=== Begin Enclosure ===
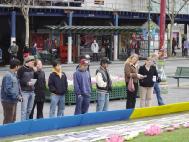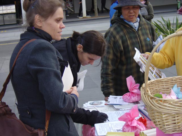 很多行人在了解了这一切后表示了他们对迫害的厌恶和憎恨,并问:“我能为你们做些什么?”学员们让他们跟更多的人讲这场迫害及其邪恶本质,呼吁世上有良知的人们都来反对这场迫害,目地是让这场迫害早日停止,还清白于信守“真善忍”的法轮功学员,让这一洪扬世界的大法重返中华大地。
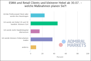 Ab dem 01. August 2018 unterliegt der Forex- und CFD-Handel in Europa neuen, deutlich strengeren Regeln als bisher. Für alle Kunden in der EU bringt die Umsetzung der Richtlinien der Regulierungsbehörde ESMA einiges an Veränderungen. Insbesondere die Begrenzung der verfügbaren Hebel sorgt dafür, dass Handelsstrategien angepasst und neu überdacht werden müssen. Künftig ist für Forex-Majors ein Hebel von höchstens 30 und für Index-CFDs wie dem DAX30 von höchstens 20 vorgesehen. Bei CFDs auf andere Basiswerte liegt er sogar noch tiefer. Der internationale Forex- und CFD-Broker Admiral Markets setzt die neuen Regeln bereits zum Wochenstart am 30.07.2018 um.Wie die Kunden auf diese Einschnitte reagieren, wollte Admiral Markets wissen und hat am 10. Juli eine Blitzumfrage unter aktiven Tradern im Rahmen eines Tradingwebinars durchgeführt. Von 293 Teilnehmern des Events haben 43% an der Umfrage teilgenommen und folgende Antworten gegeben:24 Prozent planen, als Professional Clients zu traden, die von den Regulierungsmaßnahmen zum Schutz der sogenannten Kleinanleger nicht betroffen sind und weiterhin als Profi einen hohen Hebel erhalten können. 45 Prozent gaben in der Umfrage an, sich mit den geringeren Hebelstufen abzufinden und künftig damit zu handeln. 17 Prozent planen, deutlich mehr Handelskapital zu nutzen und weitere 38% werden kleinere Ordervolumen bewegen. Die letzten 10 Prozent planen anderes, was beispielsweise die Einstellung des Handels von CFDs bedeuten kann oder auch die Suche nach Brokern, die nicht in der EU reguliert sind.„Mit dem Thema der ESMA-Regulierung haben sich mittlerweile die meisten unserer Kunden auseinandergesetzt, aber es herrscht immer noch eine große Nachfrage an qualitativ hochwertigen Informationen zu diesem Thema“, erklärt Jens Chrzanowski, Leiter der Zweigniederlassung Berlin von Admiral Markets UK Ltd. „Daher war es uns wichtig, ein Stimmungsbild zu erhalten, wie die CFD-Trader in Deutschland mit der neuen Regulierung umzugehen planen.“Der CFD-Handel ist ab August weiterhin möglich, nur die Kapitalanforderungen werden deutlich erhöht, da aus der Sicht der ESMA zu viele Kleinanleger mit zu hohem Hebel zu viel Geld verlieren. Diese europaweite Regulierung ist in der Branche hochumstritten, insbesondere da die deutsche Aufsichtsbehörde BaFin erst im Herbst 2017 den CFD-Handel bereits überprüft und keine Hebelbeschränkung verfügt hat. Warum Aufsichtsbehörden bei Prüfung des gleichen Sachverhalts in so kurzer Zeit zu so unterschiedlichen Einschätzungen kommen, ist eine unbeantwortete Frage vieler Kunden.„Es herrscht enormer Informationsbedarf, deshalb wird Admiral Markets in der Woche des Inkrafttretens eine Woche lang alle regulären Webinare umbenennen und intensiv über die neuen ESMA-Maßnahmen informieren“, führt Chrzanowski weiter aus. „Unser Handelstag startet normalerweise um 08:30 Uhr mit dem Webinar ‚Guten Morgen DAX-Index‘ – in der ‚ESMA-Woche‘ ab 30.07. wird dies zu ‚Guten Morgen ESMA‘ umfirmiert. DAX-Handelsstrategien mit den neuen Hebelgrößen und vieles mehr werden wir dann zusätzlich betrachten.“Es folgen börsentäglich anstatt „Punkt 10 – Am Puls der Märkte“, welches zu „Punkt ESMA“ wird, sowie weitere reguläre Webinare. Kurz: Es wird das Thema des Jahres eine Woche lang intensiv von allen Seiten betrachtet. Der Terminplan der Webinare in der ESMA-Woche ist auf der Homepage von Admiral Markets unter https://admiralmarkets.de/wissen/webinare abrufbar.
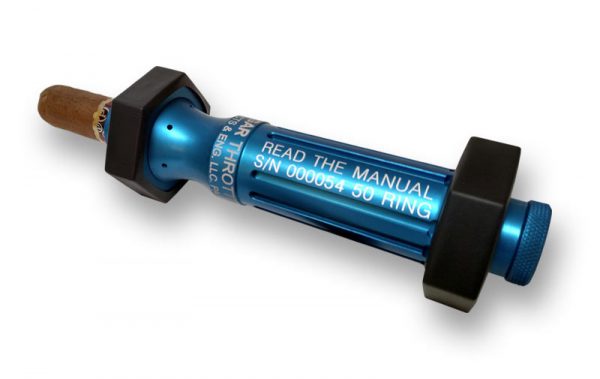 The Cigar Throttle is designed to eliminate a multitude of problems by encasing the lit cigar in a sophisticated, machined aluminum sleeve that protects it from the wind and encapsulates it along with the ashes. Continuous, controlled airflow that is speed adjustable keeps the cigar burning evenly and lit. It is attached to a steel tank by powerful neodymium magnets encased in a protective rubberized coating. So, no need to worry about scratching the paint. Whenever the rider wishes to take a puff, it is easily picked up and placed back down freeing up the hands to operate the bike controls.
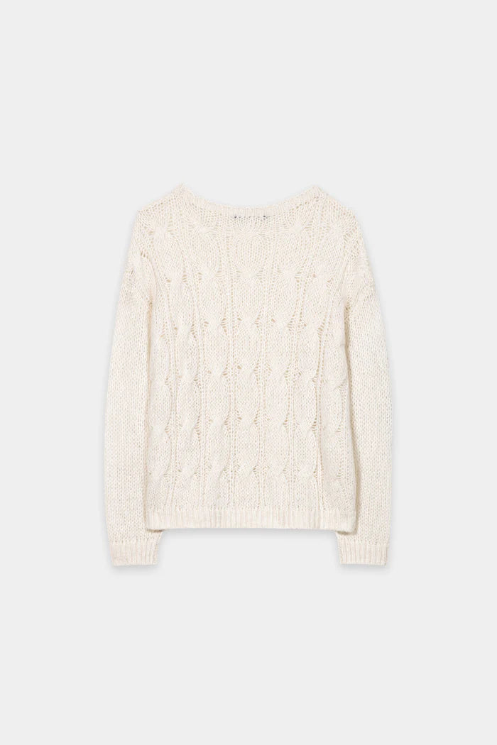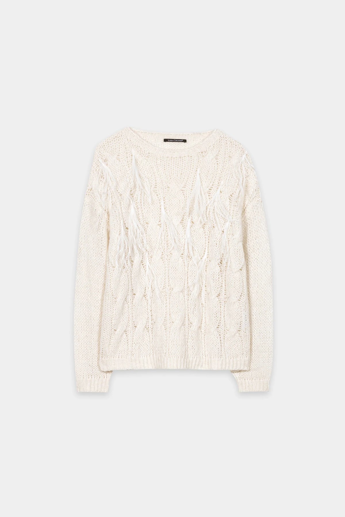 Variante ludique d'un tricot torsadé intemporel, ce pull donne vie à la texture grâce à ses franges subtiles. Son aspect confortable et épais est parfait pour les journées fraîches, tandis que son design complexe ajoute un charme artisanal. Une pièce remarquable qui ne crie pas, mais murmure simplement le style.
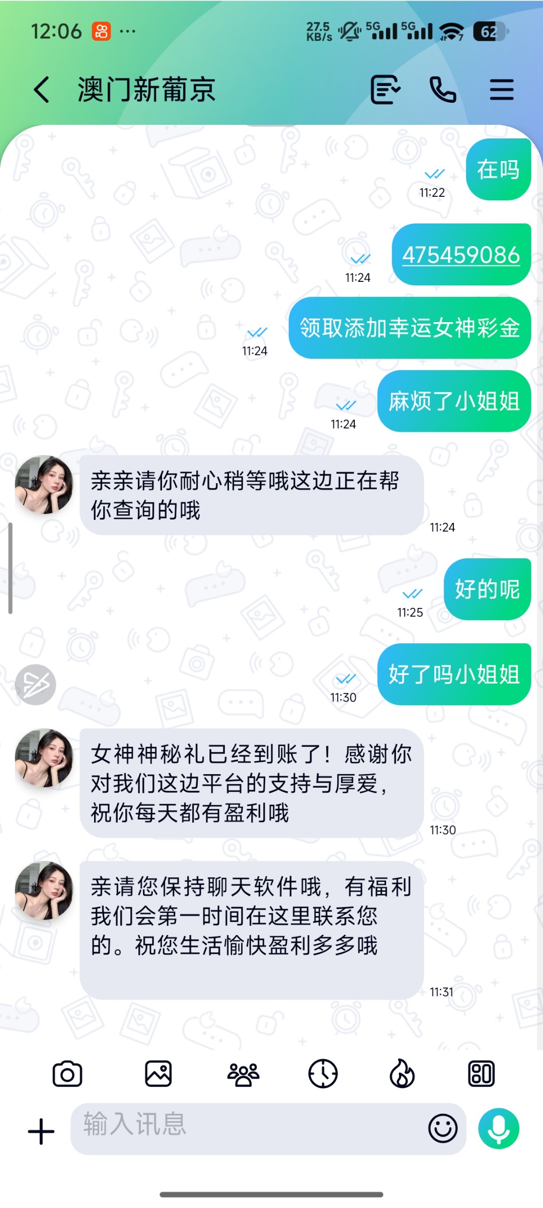 a528378916 牛逼 冲了十块 我主动去找的那个幸运女神 碰到了
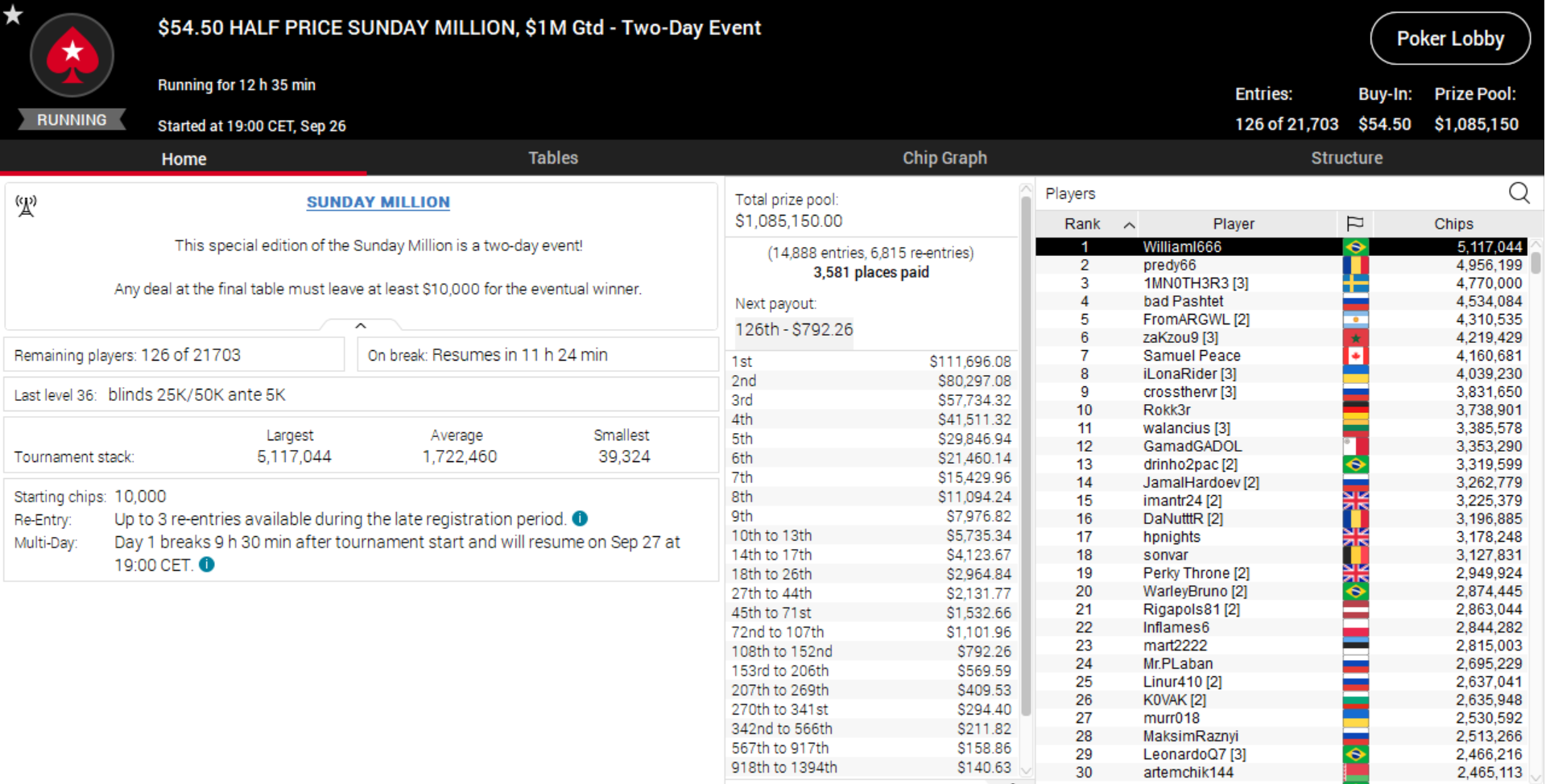 Besonders gespannt war man natürlich auf die Sunday Million, die dieses Mal mit einem halbierten Startgeld von $54,50, aber voller Garantie von $1 Million ausgetragen wurde.
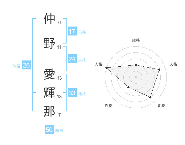 仲野 愛輝那さんを姓名の画数から五運を鑑定
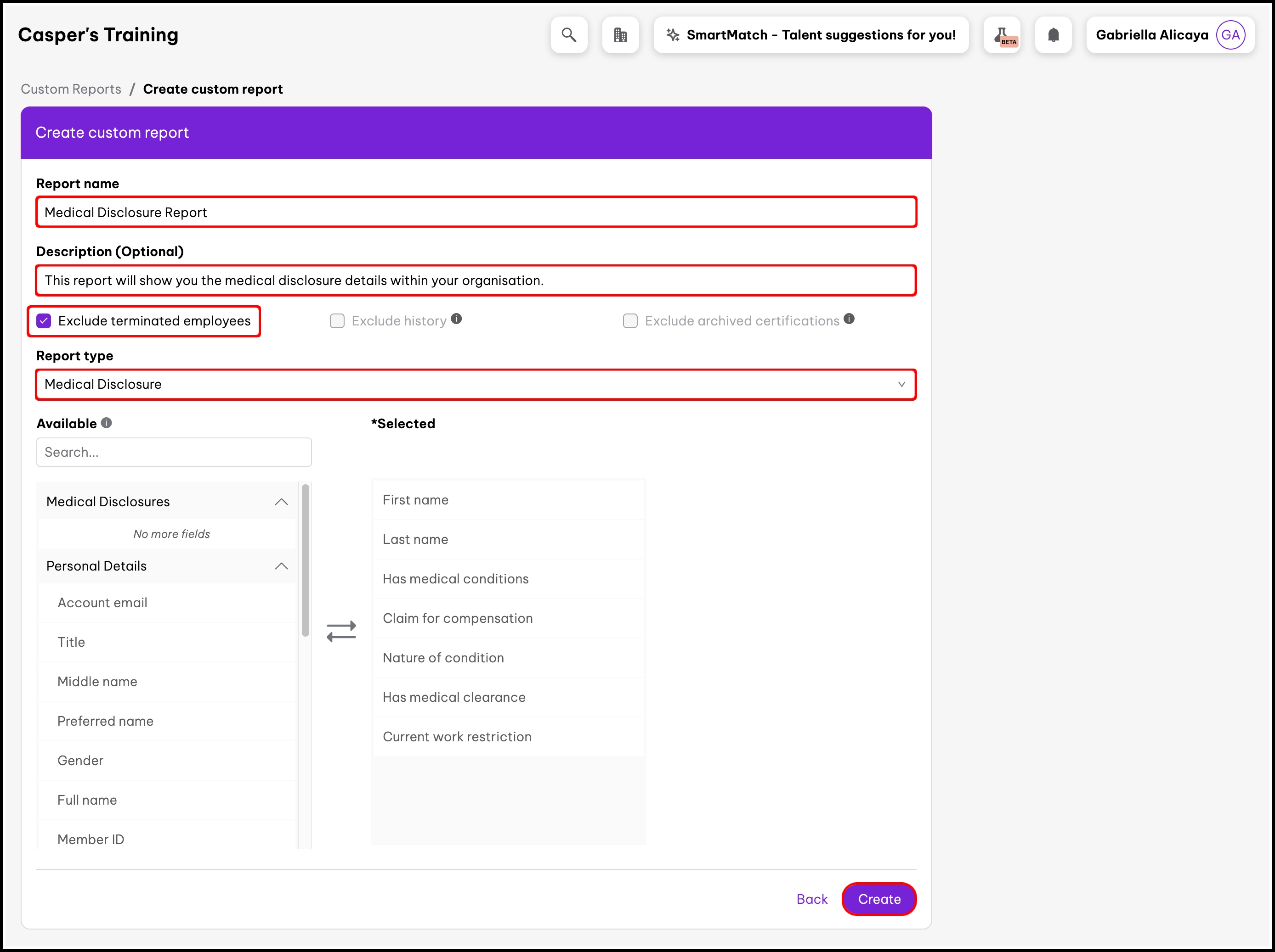 This article will walk you through how to create a medical disclosure report. Before being able to use the Custom Reports feature, you need to activate Two-Factor Authentication. To read details on how to activate Two-Factor Authentication, refer to the following article. You can use the Custom Report feature to construct a report on the medical disclosure reports completed by your employees during the onboarding workflow or edited in their personnel file.
=== End Enclosure ===
▶ EXERCISE DIRECTIONS
Leaving pictures aside, give again word for word each line from the one with "a528378916 牛逼 冲了十块 我主动去找的那个幸运女神 碰到了" to the final line of the entries.

▶ TASK OUTPUT
 a528378916 牛逼 冲了十块 我主动去找的那个幸运女神 碰到了
 Besonders gespannt war man natürlich auf die Sunday Million, die dieses Mal mit einem halbierten Startgeld von $54,50, aber voller Garantie von $1 Million ausgetragen wurde.
 仲野 愛輝那さんを姓名の画数から五運を鑑定
 This article will walk you through how to create a medical disclosure report. Before being able to use the Custom Reports feature, you need to activate Two-Factor Authentication. To read details on how to activate Two-Factor Authentication, refer to the following article. You can use the Custom Report feature to construct a report on the medical disclosure reports completed by your employees during the onboarding workflow or edited in their personnel file.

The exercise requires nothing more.